### Problem description
Return the data exactly, with all pictures removed.

───── Collected data ─────

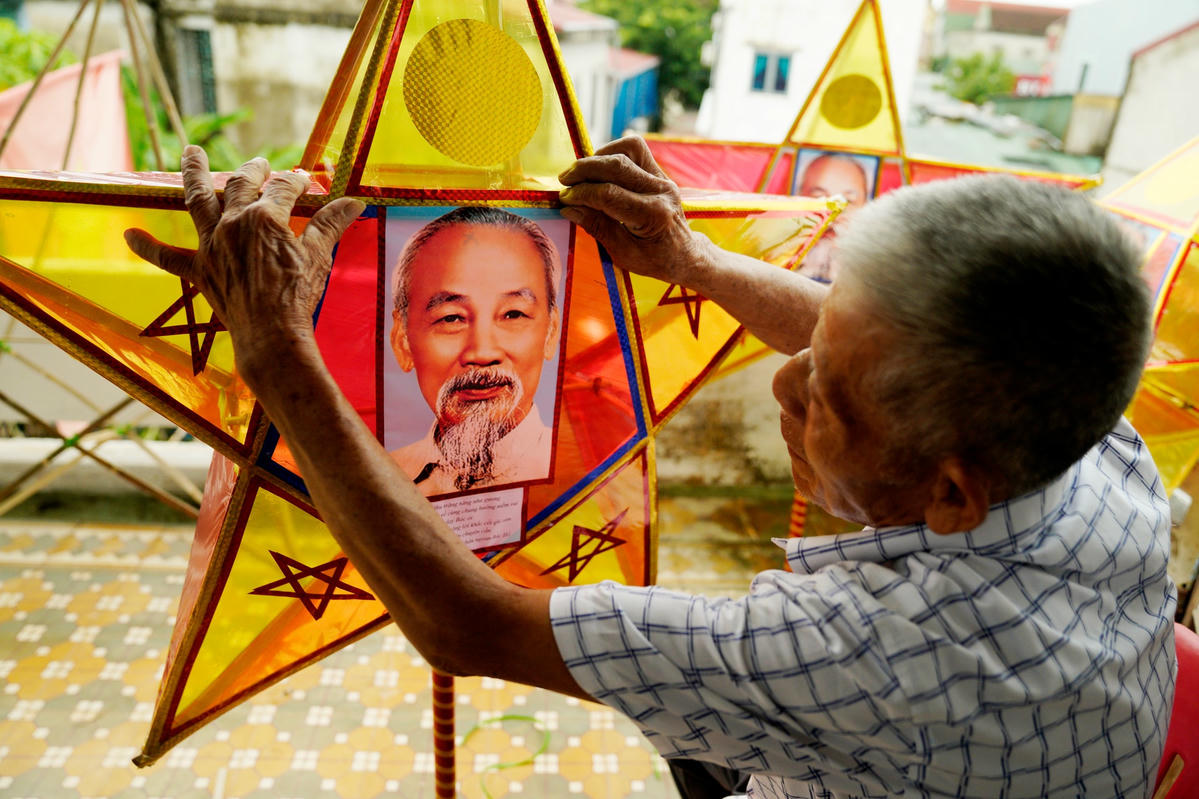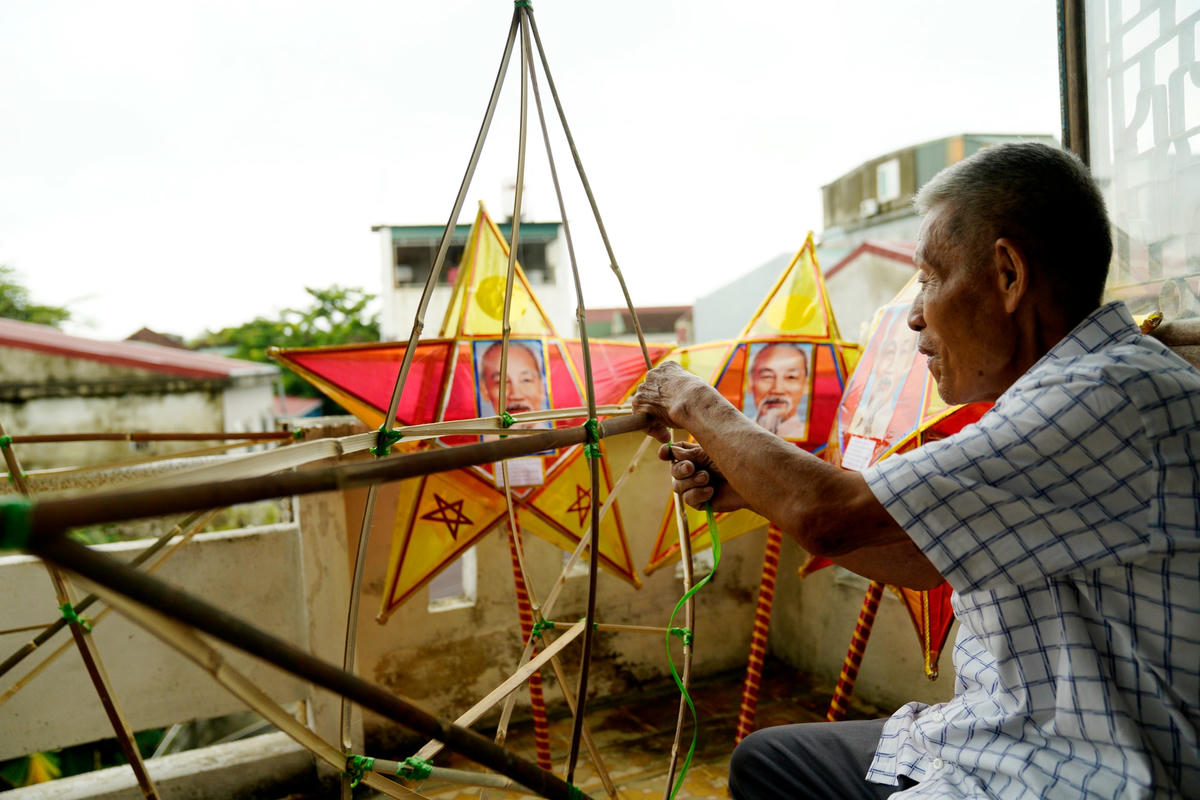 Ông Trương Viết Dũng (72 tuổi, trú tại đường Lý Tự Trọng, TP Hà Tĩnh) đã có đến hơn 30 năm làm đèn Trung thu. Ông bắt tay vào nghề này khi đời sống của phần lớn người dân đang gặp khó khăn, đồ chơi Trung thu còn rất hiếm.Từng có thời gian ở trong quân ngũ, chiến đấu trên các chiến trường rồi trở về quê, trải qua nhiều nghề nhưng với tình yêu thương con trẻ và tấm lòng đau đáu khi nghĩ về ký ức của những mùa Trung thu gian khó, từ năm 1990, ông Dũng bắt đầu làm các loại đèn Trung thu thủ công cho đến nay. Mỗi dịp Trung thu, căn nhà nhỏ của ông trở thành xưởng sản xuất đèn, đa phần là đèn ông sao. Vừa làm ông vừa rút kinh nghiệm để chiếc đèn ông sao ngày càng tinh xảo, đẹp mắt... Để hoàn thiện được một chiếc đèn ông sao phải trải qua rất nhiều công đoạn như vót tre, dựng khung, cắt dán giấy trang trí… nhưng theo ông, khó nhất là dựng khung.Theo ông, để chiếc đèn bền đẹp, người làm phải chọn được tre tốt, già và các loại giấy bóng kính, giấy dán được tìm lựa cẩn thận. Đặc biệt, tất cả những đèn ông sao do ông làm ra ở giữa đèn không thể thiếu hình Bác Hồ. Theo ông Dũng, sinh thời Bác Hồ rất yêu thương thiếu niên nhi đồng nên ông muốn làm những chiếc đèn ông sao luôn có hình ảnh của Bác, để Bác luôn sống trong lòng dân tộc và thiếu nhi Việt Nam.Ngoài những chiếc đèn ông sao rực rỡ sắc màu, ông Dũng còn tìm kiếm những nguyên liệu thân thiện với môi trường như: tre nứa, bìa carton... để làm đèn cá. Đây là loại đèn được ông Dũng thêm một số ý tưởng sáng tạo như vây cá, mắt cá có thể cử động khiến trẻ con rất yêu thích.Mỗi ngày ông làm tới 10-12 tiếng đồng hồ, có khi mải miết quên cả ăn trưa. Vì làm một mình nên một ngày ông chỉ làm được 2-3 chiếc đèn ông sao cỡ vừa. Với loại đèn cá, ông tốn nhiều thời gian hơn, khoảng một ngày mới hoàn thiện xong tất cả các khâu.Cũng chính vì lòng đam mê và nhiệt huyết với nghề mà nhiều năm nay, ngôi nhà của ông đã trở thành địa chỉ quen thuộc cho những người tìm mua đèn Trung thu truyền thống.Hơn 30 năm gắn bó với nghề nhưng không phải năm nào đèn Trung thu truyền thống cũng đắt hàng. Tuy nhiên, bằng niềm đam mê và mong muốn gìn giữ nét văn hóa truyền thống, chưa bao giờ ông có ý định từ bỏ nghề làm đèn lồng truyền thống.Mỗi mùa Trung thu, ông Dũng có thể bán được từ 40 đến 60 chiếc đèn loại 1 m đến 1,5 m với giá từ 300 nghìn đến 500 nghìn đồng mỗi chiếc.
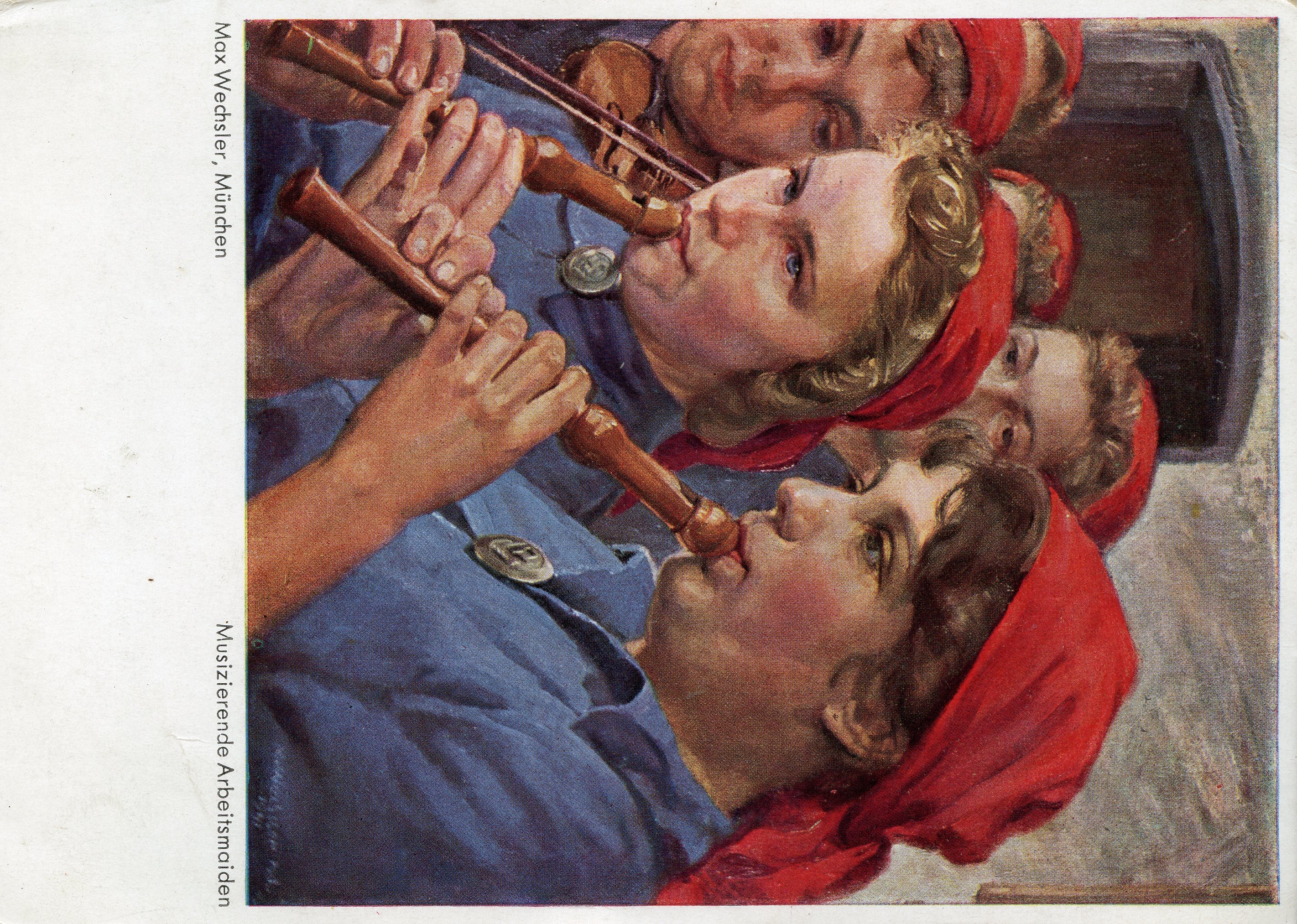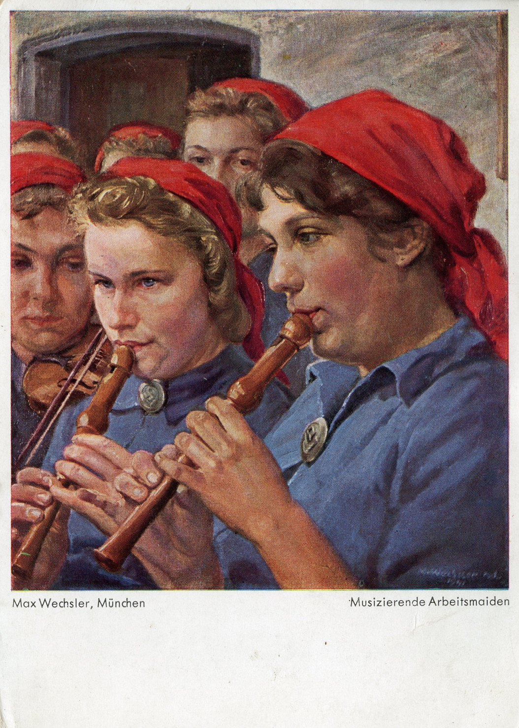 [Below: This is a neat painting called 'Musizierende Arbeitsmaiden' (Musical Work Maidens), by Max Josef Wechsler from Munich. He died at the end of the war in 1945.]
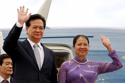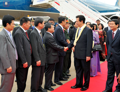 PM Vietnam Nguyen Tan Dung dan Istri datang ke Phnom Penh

─────

### Task answer
 Ông Trương Viết Dũng (72 tuổi, trú tại đường Lý Tự Trọng, TP Hà Tĩnh) đã có đến hơn 30 năm làm đèn Trung thu. Ông bắt tay vào nghề này khi đời sống của phần lớn người dân đang gặp khó khăn, đồ chơi Trung thu còn rất hiếm.Từng có thời gian ở trong quân ngũ, chiến đấu trên các chiến trường rồi trở về quê, trải qua nhiều nghề nhưng với tình yêu thương con trẻ và tấm lòng đau đáu khi nghĩ về ký ức của những mùa Trung thu gian khó, từ năm 1990, ông Dũng bắt đầu làm các loại đèn Trung thu thủ công cho đến nay. Mỗi dịp Trung thu, căn nhà nhỏ của ông trở thành xưởng sản xuất đèn, đa phần là đèn ông sao. Vừa làm ông vừa rút kinh nghiệm để chiếc đèn ông sao ngày càng tinh xảo, đẹp mắt... Để hoàn thiện được một chiếc đèn ông sao phải trải qua rất nhiều công đoạn như vót tre, dựng khung, cắt dán giấy trang trí… nhưng theo ông, khó nhất là dựng khung.Theo ông, để chiếc đèn bền đẹp, người làm phải chọn được tre tốt, già và các loại giấy bóng kính, giấy dán được tìm lựa cẩn thận. Đặc biệt, tất cả những đèn ông sao do ông làm ra ở giữa đèn không thể thiếu hình Bác Hồ. Theo ông Dũng, sinh thời Bác Hồ rất yêu thương thiếu niên nhi đồng nên ông muốn làm những chiếc đèn ông sao luôn có hình ảnh của Bác, để Bác luôn sống trong lòng dân tộc và thiếu nhi Việt Nam.Ngoài những chiếc đèn ông sao rực rỡ sắc màu, ông Dũng còn tìm kiếm những nguyên liệu thân thiện với môi trường như: tre nứa, bìa carton... để làm đèn cá. Đây là loại đèn được ông Dũng thêm một số ý tưởng sáng tạo như vây cá, mắt cá có thể cử động khiến trẻ con rất yêu thích.Mỗi ngày ông làm tới 10-12 tiếng đồng hồ, có khi mải miết quên cả ăn trưa. Vì làm một mình nên một ngày ông chỉ làm được 2-3 chiếc đèn ông sao cỡ vừa. Với loại đèn cá, ông tốn nhiều thời gian hơn, khoảng một ngày mới hoàn thiện xong tất cả các khâu.Cũng chính vì lòng đam mê và nhiệt huyết với nghề mà nhiều năm nay, ngôi nhà của ông đã trở thành địa chỉ quen thuộc cho những người tìm mua đèn Trung thu truyền thống.Hơn 30 năm gắn bó với nghề nhưng không phải năm nào đèn Trung thu truyền thống cũng đắt hàng. Tuy nhiên, bằng niềm đam mê và mong muốn gìn giữ nét văn hóa truyền thống, chưa bao giờ ông có ý định từ bỏ nghề làm đèn lồng truyền thống.Mỗi mùa Trung thu, ông Dũng có thể bán được từ 40 đến 60 chiếc đèn loại 1 m đến 1,5 m với giá từ 300 nghìn đến 500 nghìn đồng mỗi chiếc.
 [Below: This is a neat painting called 'Musizierende Arbeitsmaiden' (Musical Work Maidens), by Max Josef Wechsler from Munich. He died at the end of the war in 1945.]
 PM Vietnam Nguyen Tan Dung dan Istri datang ke Phnom Penh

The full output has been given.